Minmax feedback model predictive control for constrained. This paper proposes a second order cone formulation of minmax mpc with zone control for lpv systems. This paper deals with the implementation of min max model predictive control for constrained linear systems with bounded additive uncertainties and. Model predictive control for maxminplusscaling systems. This volume provides a definitive survey of the latest model predictive control methods available to engineers and scientists today. Model predictive control for maxminplus systems springerlink. Minmax approaches to robust model predictive control. The second edition of model predictive control provides a thorough introduction to theoretical and practical aspects of the most commonly used mpc strategies. In recent years, much e ort has been spent to incorporate the robustness problem into this framework. The control schemes the authors discuss introduce, in the control optimization, the notion that feedback is present in the recedinghorizon implementation of the control.

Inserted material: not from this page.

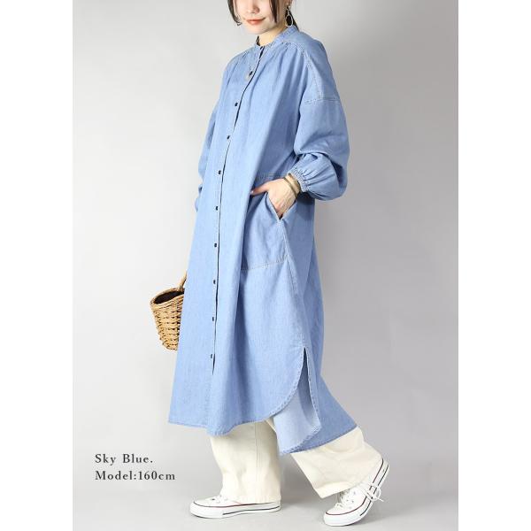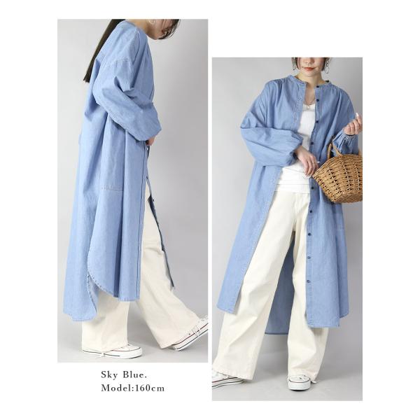 デニム シャツワンピース レディース ロング 長袖 羽織り ライトデニム コットン Aライン 春 夏 秋 ポケット 体型カバー スリット おしゃれ

Part of the control engineering book series contrengin abstract. Min max model predictive control for uncertain maxminplusscaling systems conference paper pdf available in international journal of control 815. Model predictive control mpc is a widely used control design method in the process industry. For all xt, we find, therefore, that the above set of controls satisfies the stability and state constraints. An algorithm for explicit solution of minmax model. An approximation of the worst case cost is used to obtain the control action. Minmax model predictive control as a quadratic program article pdf available in iet control theory and applications 11. Most physical systems possess parametric uncertainties or unmeasurable parameters and, since parametric uncertainty may degrade the performance of model predictive control mpc, mechanisms to update the unknown or uncertain parameters are desirable in application. From power plants to sugar refining, model predictive control mpc schemes have established themselves as the preferred control strategies for a wide variety of. Recent developments in model predictive control promise remarkable opportunities for designing multiinput, multioutput control systems and improving the control of singleinput, singleoutput systems. Model predictive control advanced textbooks in control and signal processing.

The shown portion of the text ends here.